3人でパーティーを組むことになり、大きな誤解?は置いておいて、

よっしゃーー!!これでまたダンジョンに行ける!

テンションが上がった一樹だったが・・・フィージリアの言葉で我に返った。


「そうそう、先ほど旅の行商人から聞いたのですが、お城の城下町で、精霊姫様のお披露目があるとか。やっと旅から戻られて、お城に帰還したようです。お披露目に行って、精霊姫様にお会いしてみたいです!!」

「まじで?そりゃあいかないとなあ!」


2人ともうきうき顔で、子どものようにはしゃいでいる。
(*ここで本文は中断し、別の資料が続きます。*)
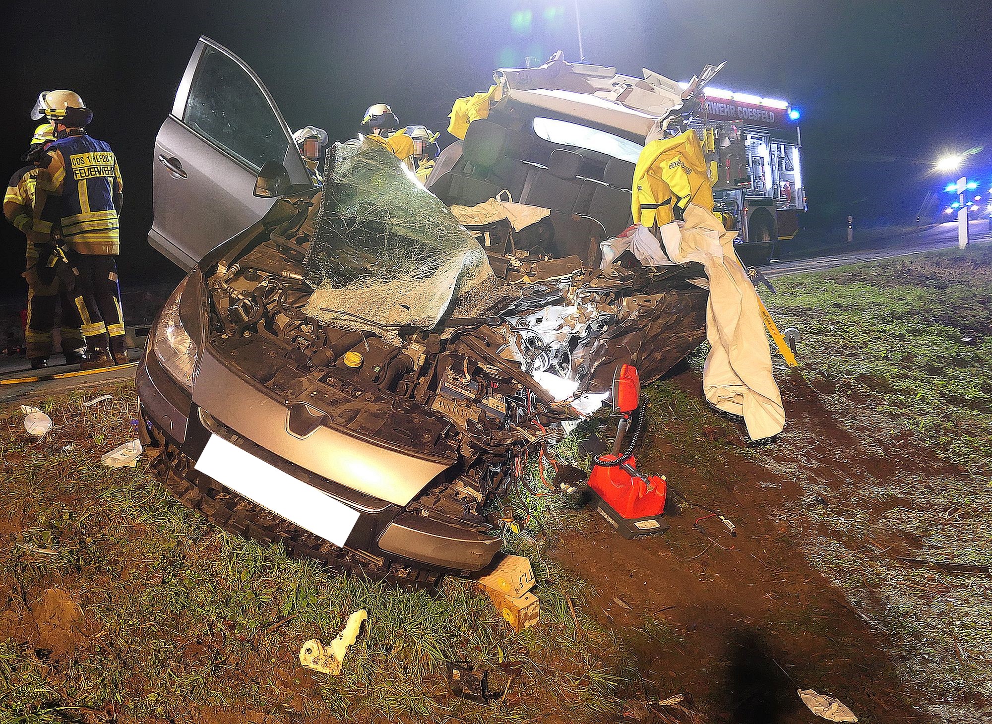 Gegen 00.55 Uhr entdeckte eine Streifenwagenbesatzung das Fahrzeug. Diese war nach einem Einsatz auf dem Rückweg nach Coesfeld. Im Auto fanden die Polizisten den eingeklemmten 27-jährigen Fahrer aus Coesfeld vor. Sie leisteten erste Hilfe und forderten unmittelbar Rettungsdienst und Feuerwehr an.
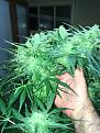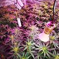 Well here's my contribution to greenhouse gas reduction...lol. Shits getting crazy up in here... Tent is completely packed. I'v got 4 autos well into flower..3-4 weeks from harvest, and 6 photo's popping flowers now. Dealing with a small issue of WPM, so all got treated, and i sprayed the tent as well. I'v been trying to bend long stems without doing any damage like super cropping..so far im having great results. Same results as super cropping but quicker response.( im guessing thats because they dont have to repair the damage from fracturing the stem during super cropping). Oh and i also have a new baby..Hindu Kush. she was a replacement for a failed seedling started same time as Solo GG#4.
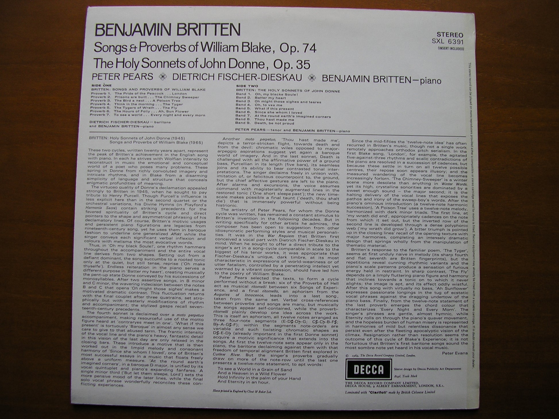 SXL 6391 BRITTEN: SONGS ON TEXTS BY WILLIAM BLAKE & JOHN DONNE FISCHER-DIESKAU / PEARS / BRITTEN ED3
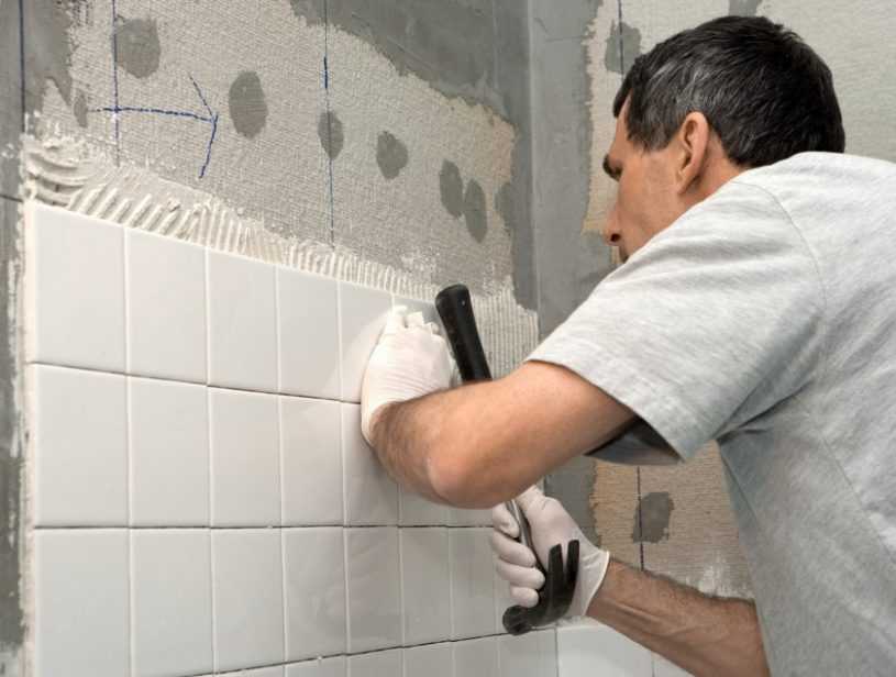 Для укладки материала существует специальный клеевой раствор, который равномерно распределяется по поверхности стен или плитки специальным зубчатым шпателем. Выравнивается плитка при помощи уровня.
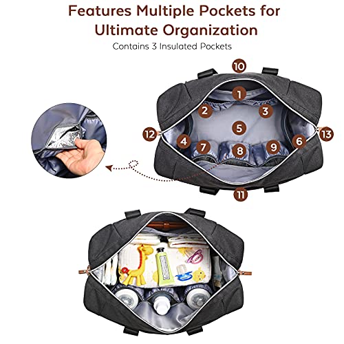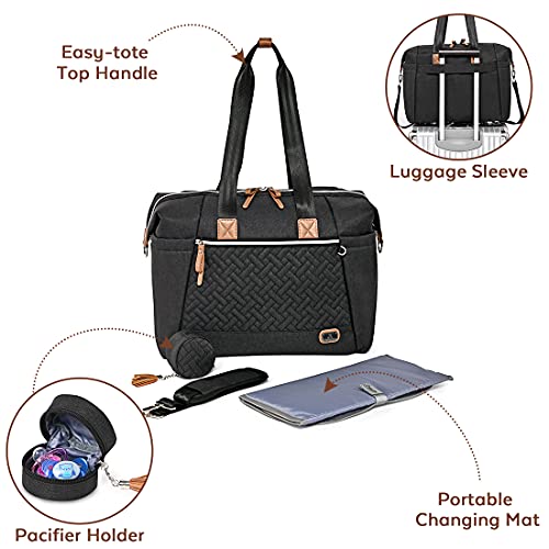 Dikaslon Baby Changing Bag, Large Nappy Bags for Mom and Dad, Stylish Travel Tote with Pacifier Holder and Changing Mat(Black)
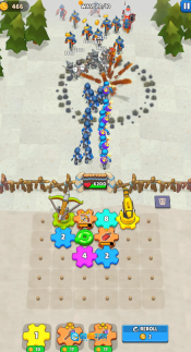 2、招募士兵,根据装备属性进行搭配以组建军队,同时借助战斗来获取资源,进而实现军队的升级。
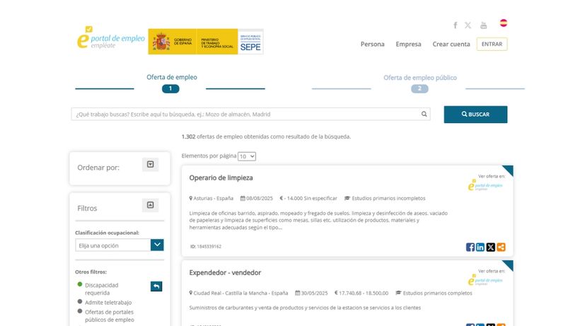 Todas las vacantes están en la web ‘Empléate’ del SEPE donde habrá clicar en la opción de ‘Discapacidad requerida’.
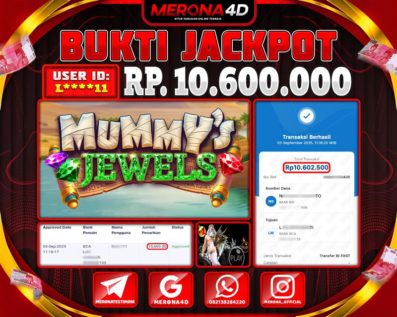 Selamat Kepada Member MERONA4D L*****11 Telah Jackpot Di MUMMY'S JEWELS
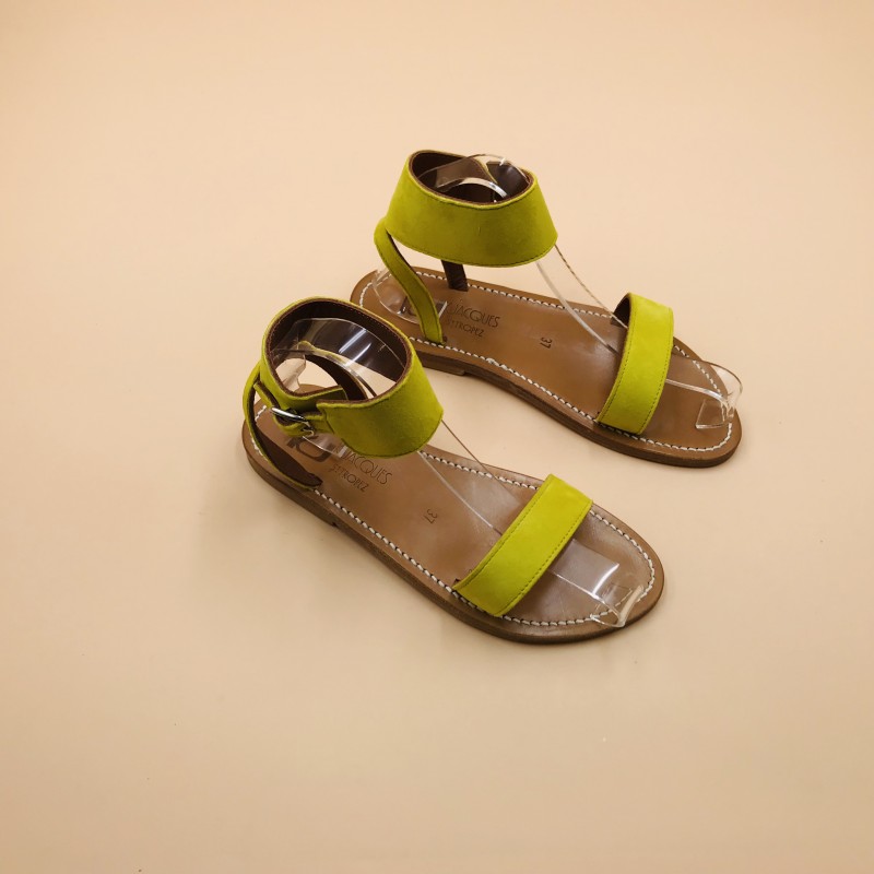 K.Jacques flat sandals, SARATOGA Model, Suede Amarillo Leather. Size 37.

この世界では、『精霊姫』という存在は、子どもたちが読む絵本の中にでるぐらい、有名な存在で、以前この異世界を救った人物とされている。そのため、英雄のような扱いになっている。


「一樹さんも、精霊姫様にお会いになりたいですね?」


「あ、ああ。」


フィージリアから『精霊姫』と聞かれて、気のない返事をしてしまう。

オレは、魔法を習得すること、城を出ることの条件として、城での出来事、友人優華=精霊姫の事は何があっても、口を閉ざすよう王から、固く約束させられていた。

そのため、精霊姫と友人だとか、城にお世話になっていたとか、『守り人』のシェルフトと仲良いとか、一切秘密にしなければならない。


「きっと精霊姫様はおきれいな方なんでしょうね~」


フィージリアは、うっとりとして、まだあった事のない精霊姫に思いをはせているようだ。


いやー水さすようで悪いけど、優華はそのへんのふつーな平均的な女子だ。

きれいというより、「かわいい」という方がしっくりくる。

知らないってのは、罪だな・・・。


「そして、頭がよくて」


いやいや、どちか言えば、大学ではギリギリの成績だったけど


「とてもしっかりされていて」


いやいや、何にもないとこでよく転倒していたぞ。


「はあー。早くお会いしたいです」


思い込みが強すぎて、すごい人物になってるなあ。事実を伝えたいが。

ああ~~我慢、我慢!!


声にだして言いたい事を我慢するのは、忍耐が必要だと悟った出来事だった。